In this series, we’re looking at the many routes glass can take once it leaves the float factory. Last time, we looked at the automotive glass market, and before that we looked at how glass was created from piles of sand. This time, we’re looking at one of the largest uses for glass: building products.

Glass has a multitude of applications and uses in building, and as such can go in many directions when it leaves the float factory en-route to becoming finished architectureal glass.After leaving the factory, glass usually takes one of three routes: Semi-finished processing, wholesale, or insulated glass manufacturer.

Semi-Finished Processing

Semi-finished processing is when the glass is installed into a near usable product. While not completely assembled, semi-finished is similar to an Ikea package where all the parts are there and are ready to be put together by the end user.

One great example of a semi-finished glass product is a shower enclosure. The enclosure is installed around the glass, with holes drilled and mounts set. The pieces are packaged together and shipped out together, but require assembly at the end-user’s location.

After a piece of semi-finished product is created, it can be sent to a wholesaler or to frame makers. Both of these businesses prepare the product for life in a house, hotel, or anywhere else the semi-finished product will reside.
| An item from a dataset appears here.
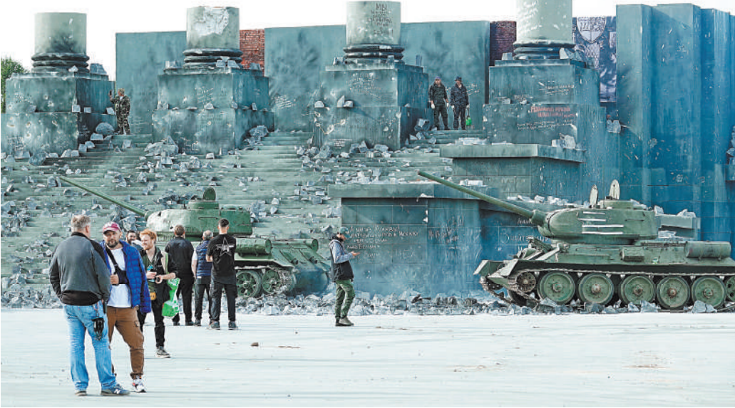
Здесь очень реалистичные декорации — какой бы период истории они ни представляли.

Выставка будет проходить до 20 ноября 2024 года.

A large percentage of semi-finished products begin their life in countries outside the U.S., and are then shipped here for assembly and installation.

Insulated Glazing Unit Manufacturers

In some cases, float glass goes to an insulated glazing unit manufacturer (to learn more about this process, we have a great post detailing it over here.)At the insulated glazing manufacturer (IGU), raw glass is constructed into multiple panes of thick glass in order to reduce things like noise, UV rays coming through the glass, and improve air conditioner efficiency.

From there, glass units are either sent to frame makers and then to installers, or directly to installers if the frames are made in-house at the IGU manufacturer. Finally, the installers are responsible for the very last step of sending the finished product off for consumption by the end customer.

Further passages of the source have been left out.